Dr. med. (H) Richard Nagy, Facharzt für Augenheilkunde FMH, FEBO. Die Fachartikel auf meiner Webseite entsprechen dem aktuellen Stand der Wissenschaft! Alle Quellen finden Sie am Ende das jeweiligen Artikels.
Augenentzuendung-mit-Viren

Augenentzündungen gehören zu den häufigsten Erkankungen der Augen. Was sind die Auslöser und wie werden die unterschiedlichen Entzündungstypen behandelt?

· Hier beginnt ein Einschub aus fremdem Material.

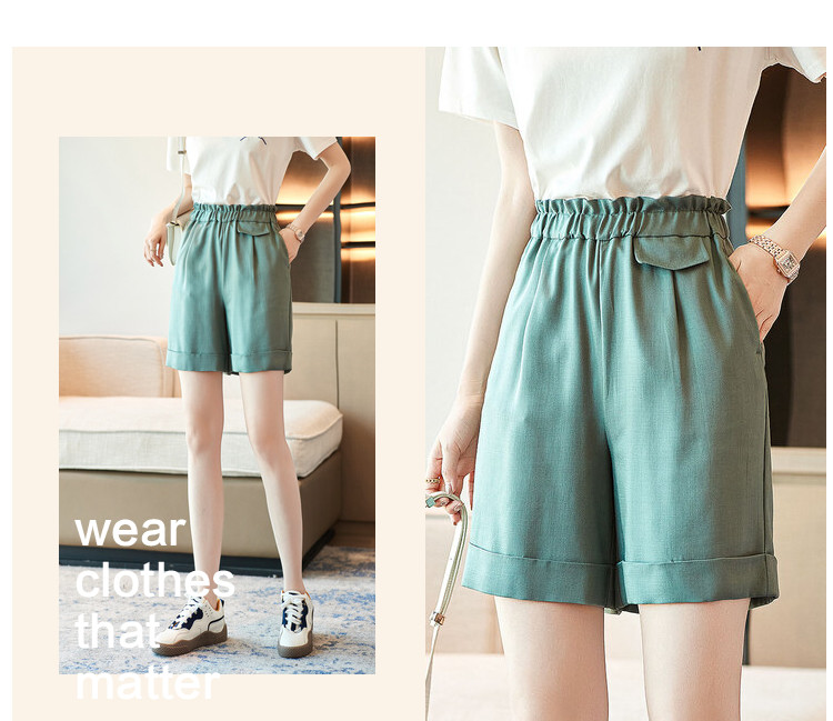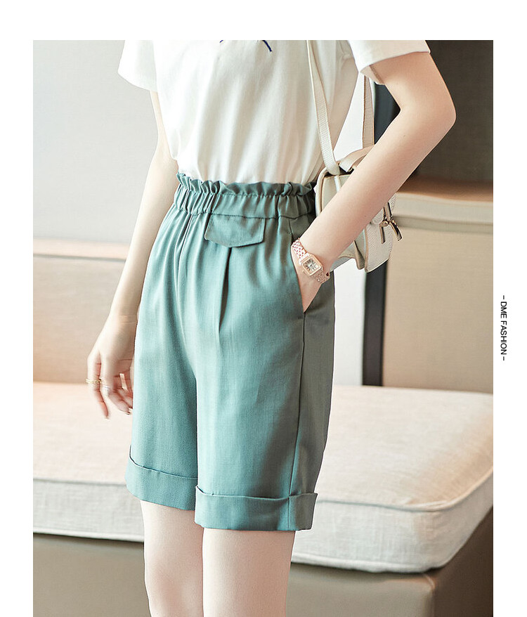 商品名称:【仿珠结满】夏新小A松紧腰女裤木耳边宽松甜美休闲裤女夏 303937
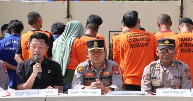 Lahat, Expose – Polres Lahat, Polda Sumatera Selatan, menggelar Press Conference hasil Operasi Sikat Musi II Tahun 2025 pada Jumat (14/11/2025) pukul 09.00 WIB. Kegiatan dipimpin langsung oleh Kapolres Lahat AKBP Novi Edyanto SIK., MIK., didampingi jajaran utama antara lain Kabag Ops Kompol Toni Arman SH., M.Si., Kasat Reskrim AKP Redho Riski Pratama STrk., SIK., M.Si., Kasat Narkoba Iptu LAE Tambunan SH., MH., Kasihumas AKP Mastoni SE, serta para Kapolsek wilayah hukum Polres Lahat.
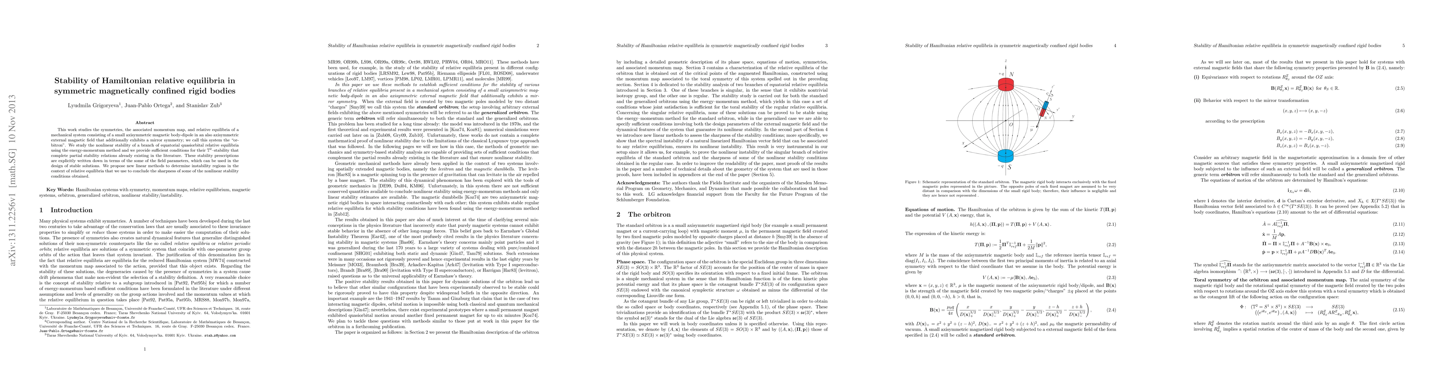 This work studies the symmetries, the associated momentum map, and relative equilibria of a mechanical system consisting of a small axisymmetric magnetic body-dipole in an also axisymmetric external magnetic field that additionally exhibits a mirror symmetry; we call this system the ``orbitron". We study the nonlinear stability of a branch of equatorial quasiorbital relative equilibria using the energy-momentum method and we provide sufficient conditions for their $\mathbb{T}^2$--stability that complete partial stability relations already existing in the literature. These stability prescriptions are explicitly written down in terms of the some of the field parameters, which can be used in the design of stable solutions. We propose new linear methods to determine instability regions in the context of relative equilibria that we use to conclude the sharpness of some of the nonlinear stability conditions obtained.
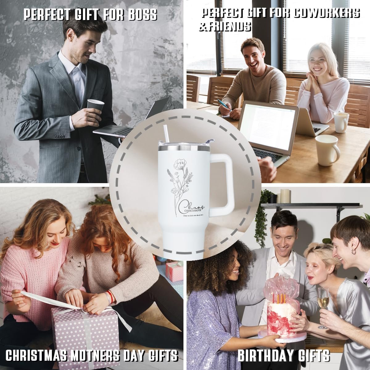 Chaos Coordinator Tumbler with Handle and Straw Chaos Boss Cup Coffee Travel Mug Thanks Gifts for Boss Women Coworker Manager Mom Dad Workers-40 oz Laser Engraved
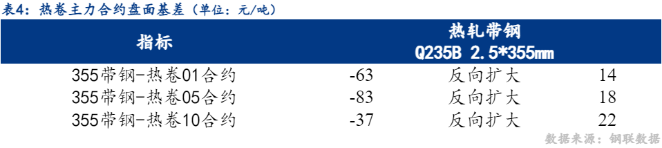 5日市场热卷10合约与355带钢价差反向扩大22元/吨,热卷05合约与355带钢价差反向扩大18元/吨。
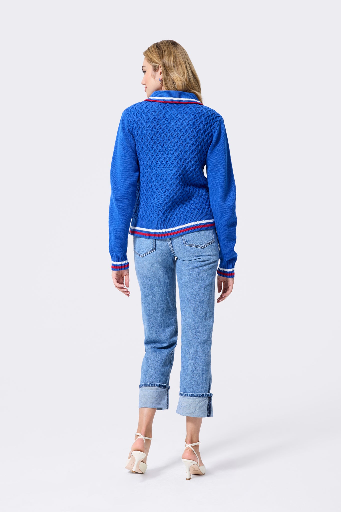 Collared, Mixed Stitch Full Zip Sweater
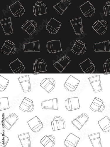 doodle pattern with mugs, glasses, background with icons of glasses. collection for food store, poster, banner with black and white background
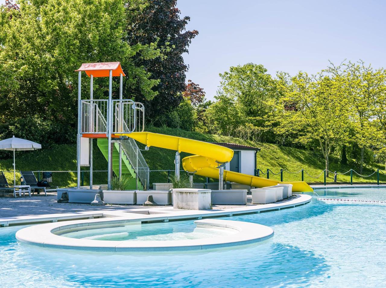 - uso della piscina esterna di 348 mq attrezzata con ombrelloni e sedie a sdraio (apertura stagionale)

In dem folgendem Text werden wir uns mit diesen Fragen auseinander setzen.

Was ist eine Augenentzündung?

Unter Augenentzündung verstehen wir eine Erkrankung oder Funktionsstörung des Auges, die sich in verschiedenen Formen äussern kann. Die Ursache sind oft Bakterien, die in das Auge und in die Bindehaut eindringen. Die Folgen können weitreichend sein, von tränenden, manchmal schmerzhaften Augen über empfindlichere, juckende Haut und gerötete Augen bis hin zu starker Lichtempfindlichkeit. Gelbgrüner Eiter im Auge ist ebenso ein Zeichen für eine Bindehautentzündung.

Hautbakterien breiten sich besonders schnell in den Augenlidern aus und führen oft zu schmerzhaften Entzündungen der Augenlider. Wenn Sie sich ständig die Augen reiben, beispielsweise wegen unangenehmen Staubpartikel oder Pollen, können Bakterien leichter eindringen und sich in der entsprechenden Augenpartie ausbreiten. Wenn sich die Augenlider entzünden, werden sie oft rot oder geschwollen.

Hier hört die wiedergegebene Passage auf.